Re: [PATCH 1/4] statx: Add a system call to make enhanced file info available
From: Dave Chinner
Date: Thu Nov 17 2016 - 18:41:52 EST
On Thu, Nov 17, 2016 at 01:35:03PM +0000, David Howells wrote:
> Add a system call to make extended file information available, including
> file creation, data version and some attribute flags where available
> through the underlying filesystem.
>
>
> ========
> OVERVIEW
> ========
>
> The idea was initially proposed as a set of xattrs that could be retrieved
> with getxattr(), but the general preferance proved to be for a new syscall
> with an extended stat structure.
>
> This has a number of uses:
>
....
> (5) Data version number: Could be used by userspace NFS servers [Aneesh
> Kumar].
>
> Can also be used to modify fill_post_wcc() in NFSD which retrieves
> i_version directly, but has just called vfs_getattr(). It could get
> it from the kstat struct if it used vfs_xgetattr() instead.

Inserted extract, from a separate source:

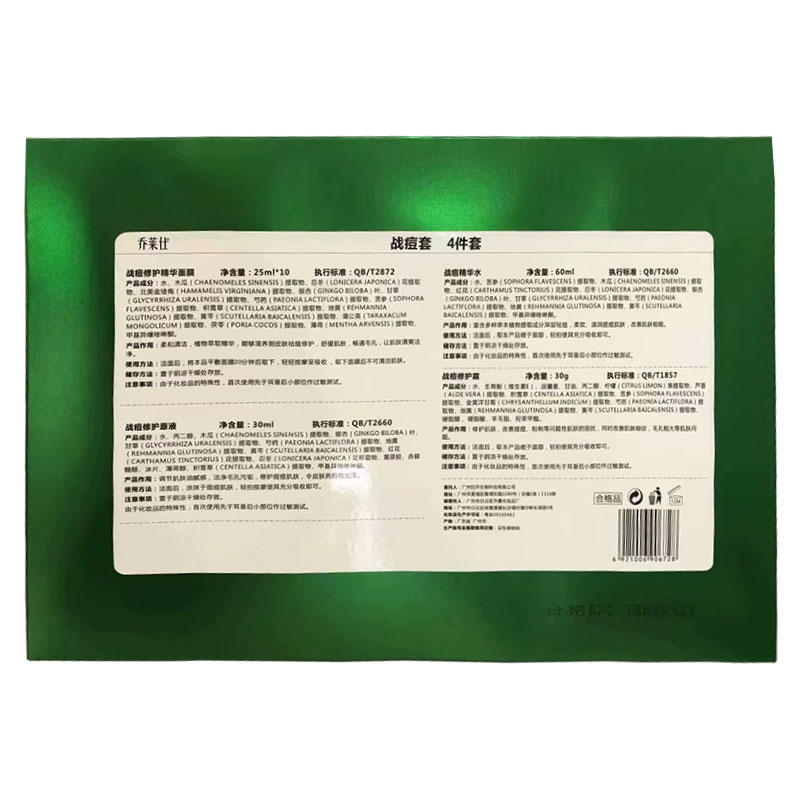 商品规格:战痘修护精华面膜25ml*10片+战痘精华水30ml+战痘修护原液30ml+战痘修护霜30g

This needs a much clearer name that stx_version as "version" is
entirely ambiguous. e.g. Inodes have internal version numbers to
disambiguate life cycles. and there are versioning filesystems
which have multiple versions of the same file.
So if stx_version this is intended to export the internal filesystem
inode change counter (i.e. inode->i_version) then lets call it that:
stx_modification_count. It's clear and unambiguous as to what it
represents, especially as this counter is more than just a "data
modification" counter - inode metadata modifications will also
cause it to change....
....
> (13) FS_IOC_GETFLAGS value. These could be translated to BSD's st_flags.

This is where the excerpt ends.